The principles SR 26-2 quietly rest on

The guidance reads as a high-level framework, yet the data requirements sit in almost every section. Inherent risk (Section III) depends on “the quality of inputs for the model, and data constraints.” Model testing (Section IV) must include a “a critical assessment of data quality, relevance, and inputs.” Validation work (Section V) documents “data selection” as part of conceptual soundness, then monitors “data relevance” over time. Even vendor products fall under the principle, with Section VII requiring evaluation of “data, parameter values, or complete models” supplied by third parties. Each of these assumes an underlying evidence trail.

“Generative AI and agentic AI models are novel and rapidly evolving. As such, they are not within the scope of this guidance.”
— SR 26-2 Attachment, Footnote 3, April 17, 2026

The ECB put it plainly eighteen months earlier. The May 2024 Guide on Effective Risk Data Aggregation and Risk Reporting requires “complete and up-to-date data lineages on data attribute level” as the minimum for an effective data governance framework. The Bank Policy Institute reported “whispers” among modeling teams that examiners had already begun changing data lineage requirements for certain models under SR 11-7.³ SR 26-2 formalizes what the field was already hearing in audit rooms.

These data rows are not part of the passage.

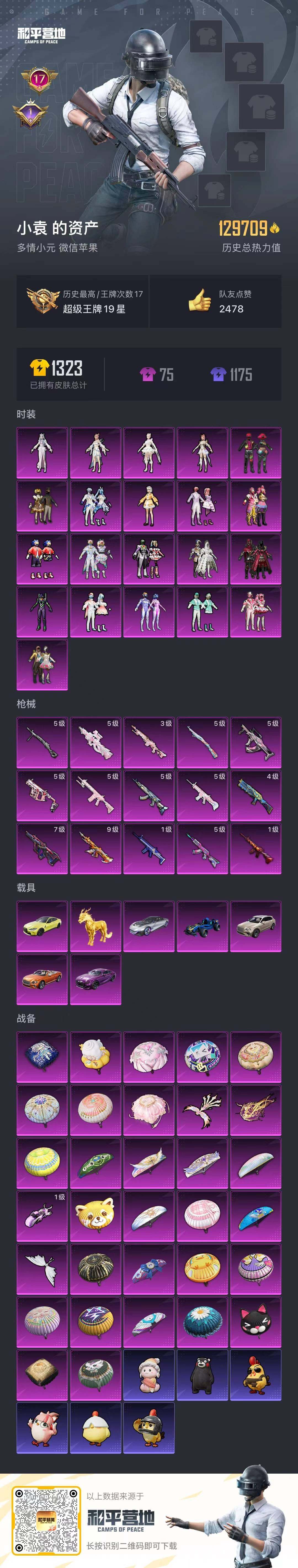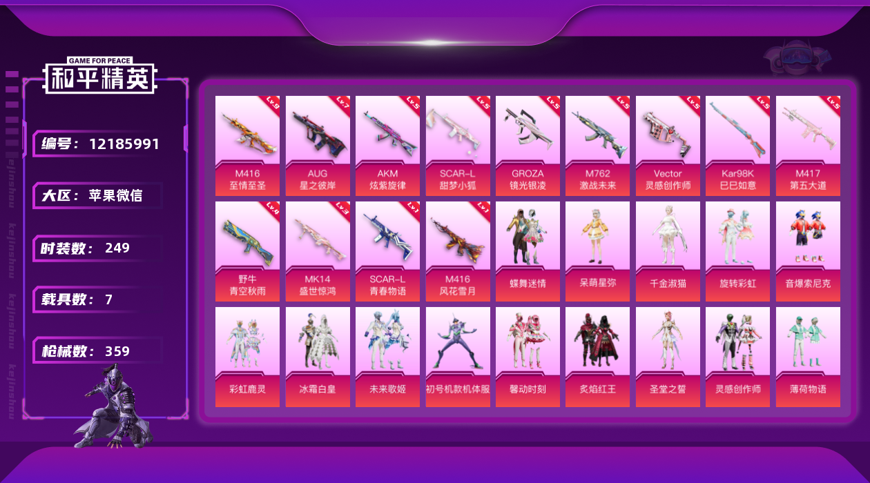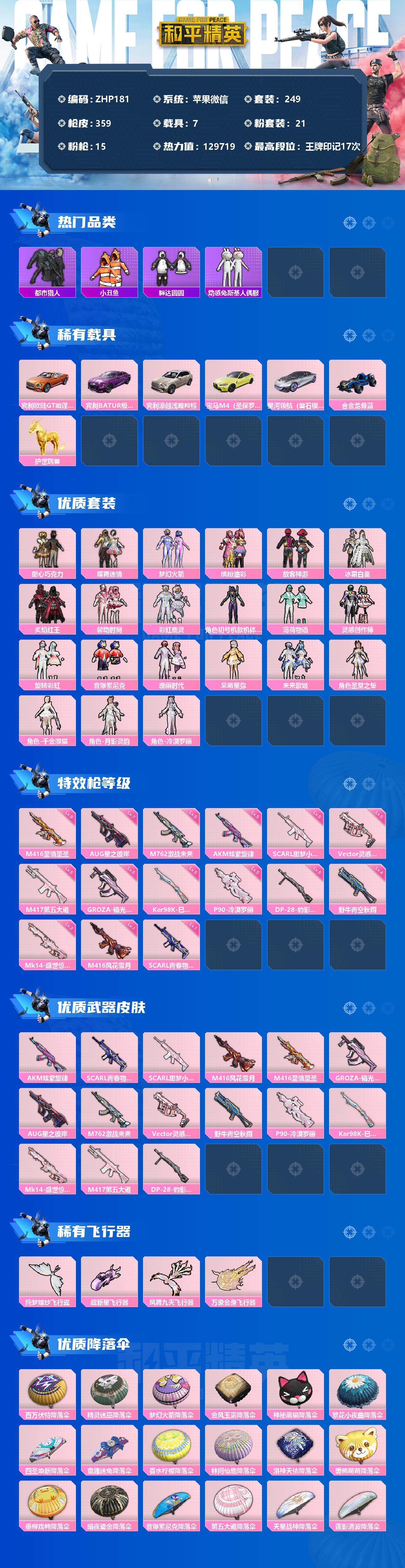 [12185991]身法素材【特价急出/详情看图】:九级M4至情!螳螂!都市!苹果 微信-21粉装-15特效枪-7载具-4粉色飞行器-129719热力值-17王牌印记-249套装-359枪皮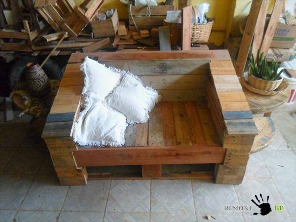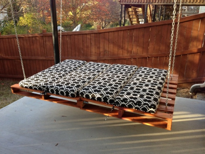Результатом тщательной предварительной подготовки поддонов и творческий подход при создании конструкции станет прочная мебель. Добавить оригинальности помогут комфортные и практичные подушки и матрасы в ярких чехлах.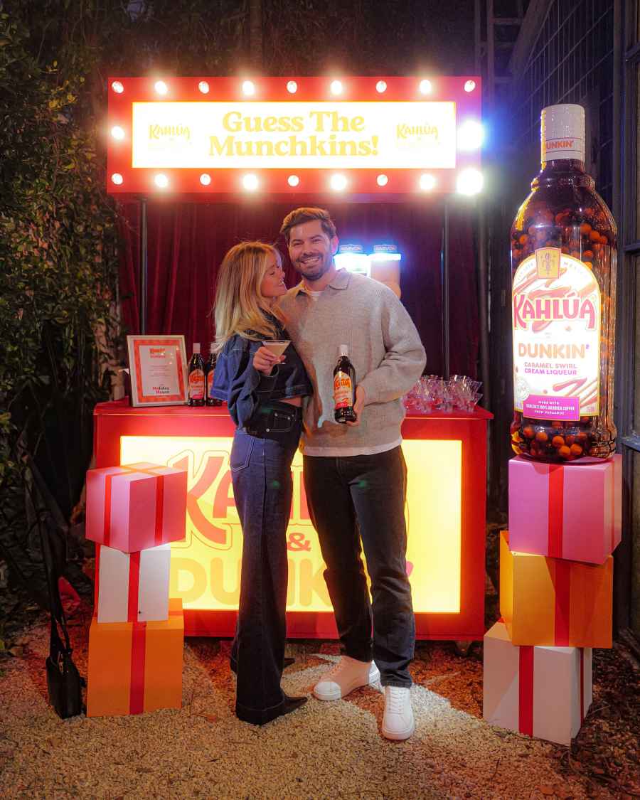 리얼리티 쇼 '배첼러 네이션'에 출연했던 해나 고드윈 과 딜런 바버는 로스앤젤레스에서 열린 체인페스트에서 데이트를 즐기며 던킨의 칼루아 카라멜 스월을 맛보았습니다.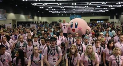 The official Twitter account for Nintendo America posted that 536 fans helped break the Guinness World Record for most simultaneous bubblegum bubbles. The standing record required over 304 people to attend. Fans in pink shirts crowded into Queue Room 4A in the Washington Convention Center at Penny Arcade Expo (PAX) to celebrate Kirby's 20th anniversary by blowing bubblegum bubbles.

Five questions an examiner will ask

Inside the audit room, the abstraction becomes specific. When the Head of Risk Data at a G-SIB faces her first validation review under SR 26-2, the examiner does not ask which system holds the credit portfolio data. She asks how a specific probability-of-default (PD) estimate arrived at the model, and what the lineage looked like six months ago versus today. The examiner expects a path from source to model input, not a dataset label.

“Where did this data come from?”

Catalogs answer this question with a source system tag. An examiner applying SR 26-2’s “data selection” requirement needs more than that. She needs the full column-level path from the PD value back to the point of capture, through every staging layer, ETL job, and rating-to-PD mapping that touched it. The ECB guide spells out the standard. Data lineage has to be complete, up-to-date, and “on data attribute level (starting from data capture and including extraction, transformation and loading).”⁴ A dataset-level answer cannot demonstrate provenance for the single PD figure the examiner just named. That evidence comes from a data lineage platform built around attribute-level provenance, not a catalog built around the dataset.

“What transformed it, and when?”

A catalog records the schema at the time the connector last ran. The transformation logic lives elsewhere, and so does a time stamp on the rules. SR 26-2’s model-testing principle wants “a critical assessment of data quality, relevance, and inputs,” and there’s no way to satisfy that without knowing which rule applied on which date. A PD estimate isn’t produced by one calculation. It passes through rating-scale translations and through-the-cycle adjustments, then regulatory floors and economic-cycle overlays, before reaching the model. Without a rule-level change history, the examiner has nothing to check. The fix is a lineage platform that treats transformation logic as its own object, versioned every time a rule changes.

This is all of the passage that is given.